Mr. Mileson is pitted against Mrs. da Tanka. A dashing woman of middle age, she still hangs on the laurels of her beauty. She is seeking a separation from her husband and has arranged to be seen with Mr. Mileson in bed. While the two do not outwardly intend to be lovers, they are placed in the ample position to do so if wanted. With these facts in mind, Trevor places the perfect strangers in a room and allows the fires of reality to burn. The stodgy Mrs. da Tanka rails on her whole life, calls foul to her existence due to her dissatisfaction with her husband and his predecessor, and shreds her current companion as well: “‘Have you ever thought of wearing an eye-patch Mr. Mileson? I think it would suit you. You need distinction. Have you led an empty life? You give the impression of an empty life’” (5). She sees the man as a low class lackey and, as unfortunate as it may seem, Mr. Mileson lives up to the role. He is a shell, a vessel waiting to be filled but lacking the capacity to do so. She clings to this fact and works to tear him down to what she deems to be the appropriate level.

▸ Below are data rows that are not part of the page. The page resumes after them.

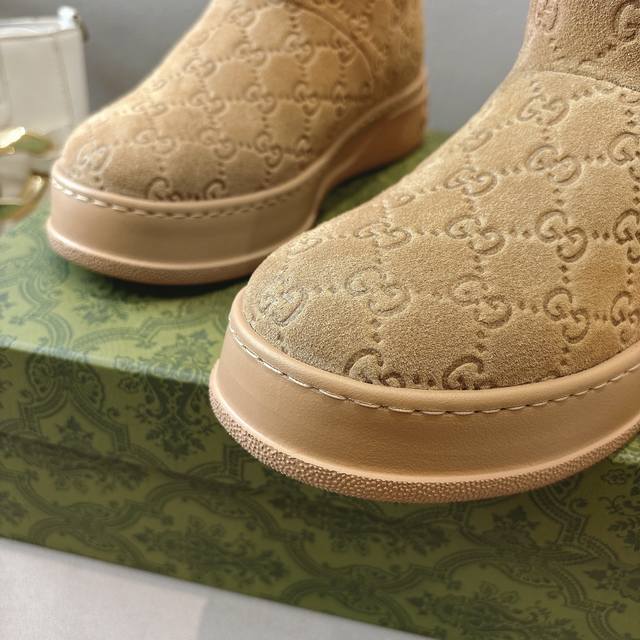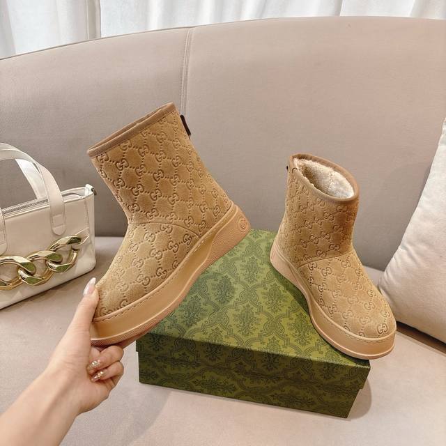 Hot Selling Gg New Women's Ankle Boots & Wool Boots. These Cruise boots are both stable and luxurious. The Gg pattern and other details pay homage to the brand's roots. These snow boots feature a cowhide suede upper with a sheepskin lining, a soft PU insole, and a durable, slip-resistant rubber outsole. Sizes 35-42 are available.
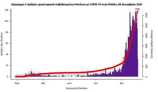 Ακόμη, καταγράκαν 102 νέοι θάνατοι, με τον συνολικό αριθμό στη χώρα μας να ανέρχεται στις 3.194. Από τους ασθενείς που κατέληξαν, οι 1.268 (39,7%) ήταν γυναίκες και οι υπόλοιποι άνδρες. Η διάμεση ηλικία των θανόντων συμπολιτών μας ήταν τα 79 έτη και το 96,2% είχε κάποιο υποκείμενο νόσημα ή/και ηλικία 70 ετών και άνω.
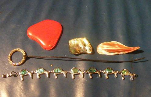 download file Some of the items I chose to hide. A piece of paua shell, a piece of pink mussel shell, a blob of melted art glass, a pauashell kiwi braclet, and the bling-encrusted extra face of a watch missing one shiny stone. |
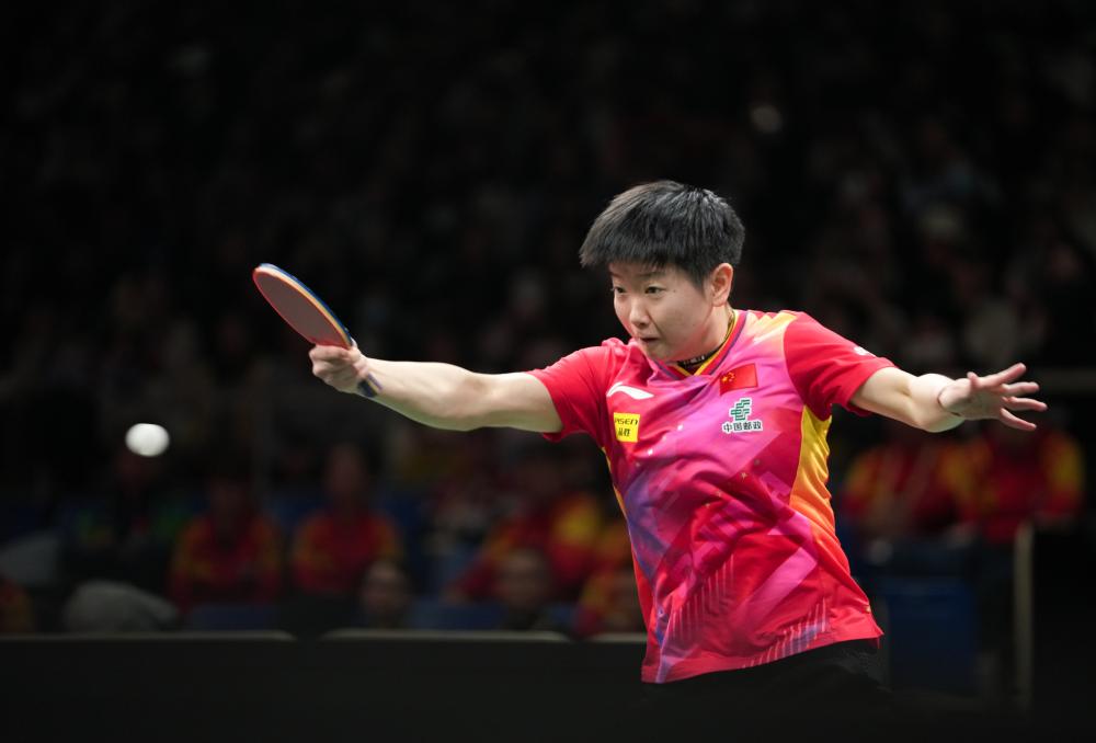 12月3日,中國隊(duì)選手孫穎莎在女單比賽中。新華社記者 江宏景 攝
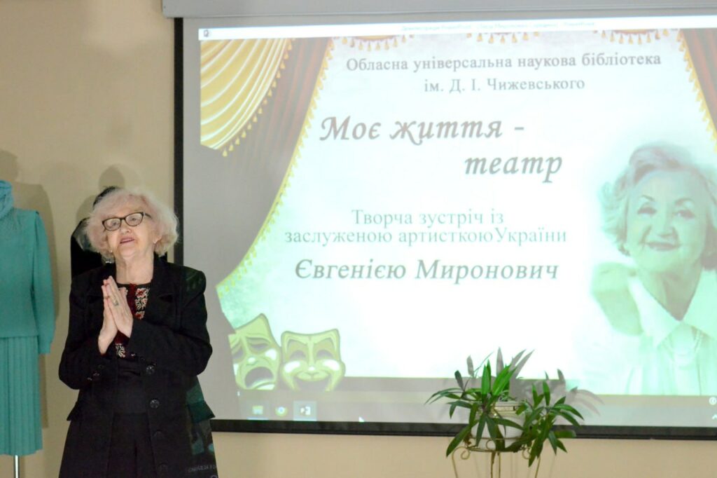 У книгозбiрнi iменi Д.I.Чижевського» вiдбулась творча зустрiч iз акторкою Театру Корифеїв, заслуженою артисткою України Євгенiєю Миронович.
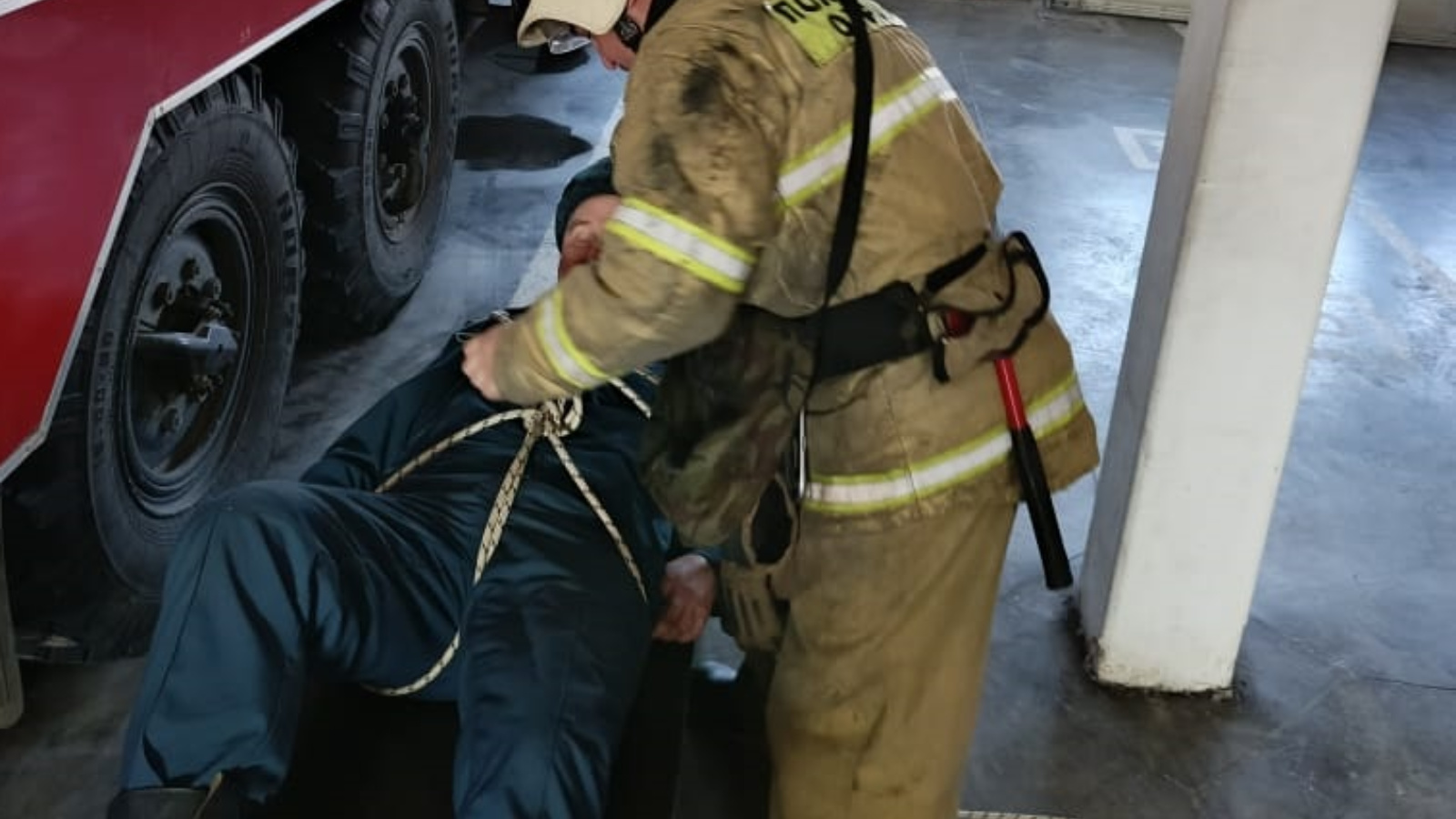 Работниками отдельного поста на территории ООО «УК «Технополис «Новая Тура» Казанского отряда противопожарной службы Республики Татарстан проведена отработка норматива по пожарно-строевой подготовке № 3.4. «Вязка двойной спасательной петли с надеванием ее на пострадавшего».
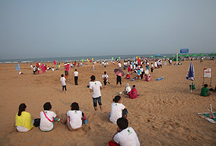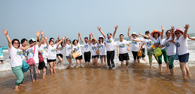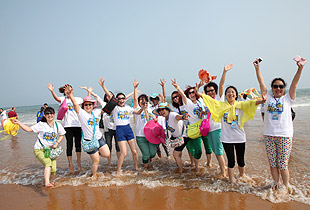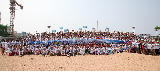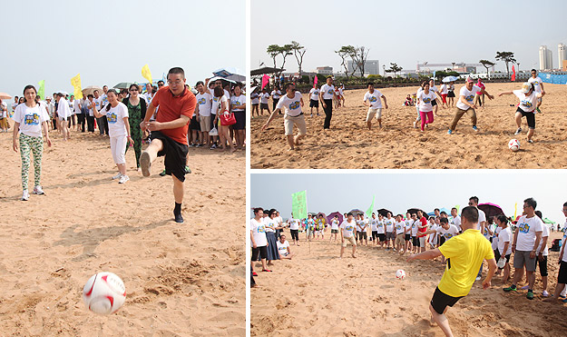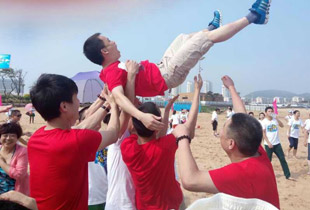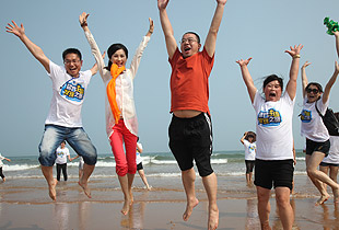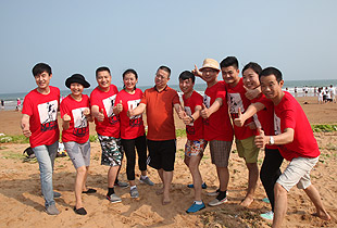 青島的海是獨(dú)一無(wú)二,享有“中國(guó)夏威夷”美譽(yù)的黃島沙灘更是令人神往不已。這不,中午時(shí)分,剛剛用完自助餐,綠之韻精英們就早已迫不及待,朝它狂奔去……在水天相接的地方,輪船一艘艘,輕舟一葉葉,白帆一點(diǎn)點(diǎn)。淺海處,身著短褲、泳衣的綠之韻精英們,男女老少,擊波游泳、踏濤沖浪,或做人體沙雕、坐摩天環(huán)車(chē),笑聲不絕……海水、輪船、輕舟、白帆,綠之韻人和大自然構(gòu)成了一副五彩斑駁的畫(huà)卷,美不勝收。累了,倦了,精英們坐在一把把五顏六色的太陽(yáng)傘下,或喝飲料聊天、暢談夢(mèng)想,或舉目遠(yuǎn)眺,靜賞美景。看,那些童心未泯的綠之韻精英們,有的在試圖尋找貝殼,有的在追逐嬉戲,有的在騰空留影……其樂(lè)無(wú)窮。
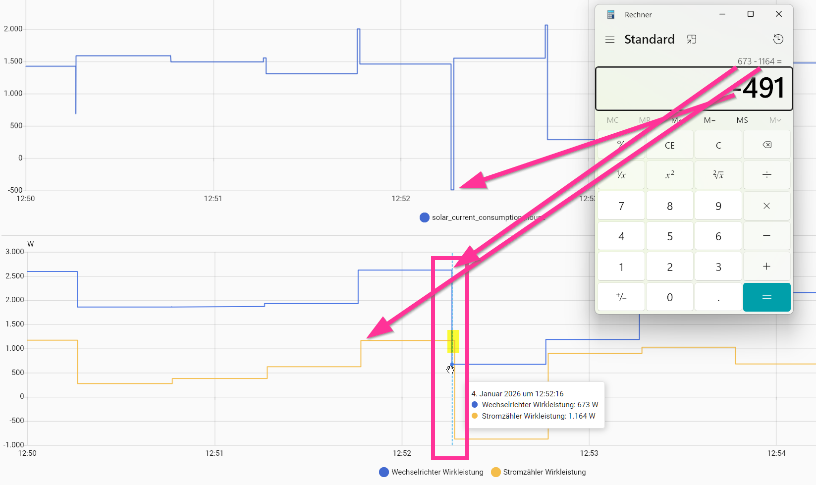 Der Wechselrichter schickt den Wert 12.52.16 und veranlasst den Sensor es neu zu rechnen. Verwendet wird dabei der letzte bekannte Werte von ein paar Sekunden zuvor (1164W) - es fällt auf Minus. Millisekunden später (ebenfalls 12.52.16 in HA) kommt dann auch der Stromzähler und das ganze passt wieder.

In actuality, Mr. Mileson has little to hold on to. His garden and the cottage that held it vanished with his lease, and without children, women, or even a desire to marry and love, he clings to empty vessels from his past: “‘As a child I collected birds’ eggs on the common. I have kept them all these years’” (8). While an act of tenderness, the retention of these eggs only serves to show Mr. Mileson is the end of his line and a child at heart. He takes pride in the past, and it is with his past that he will mistakenly attack his pseudo-lover and tear her heart out. It is in this past, the mention of cow-parsley, that the two connect at the very time that the walk off the train and go their separate ways. All the while, Trevor forces his readers to consider the implications over who was worse off and who really was the failure.   
 

Favorite line:
“In fact she was not, but finding herself involved at all reflected the inadequacy of her married life and revealed a vacuum that once had been love. ‘We are better apart,’ she had said. ‘It is bad to get used to being together. We must take our chances while we may, while there is still time’” (2).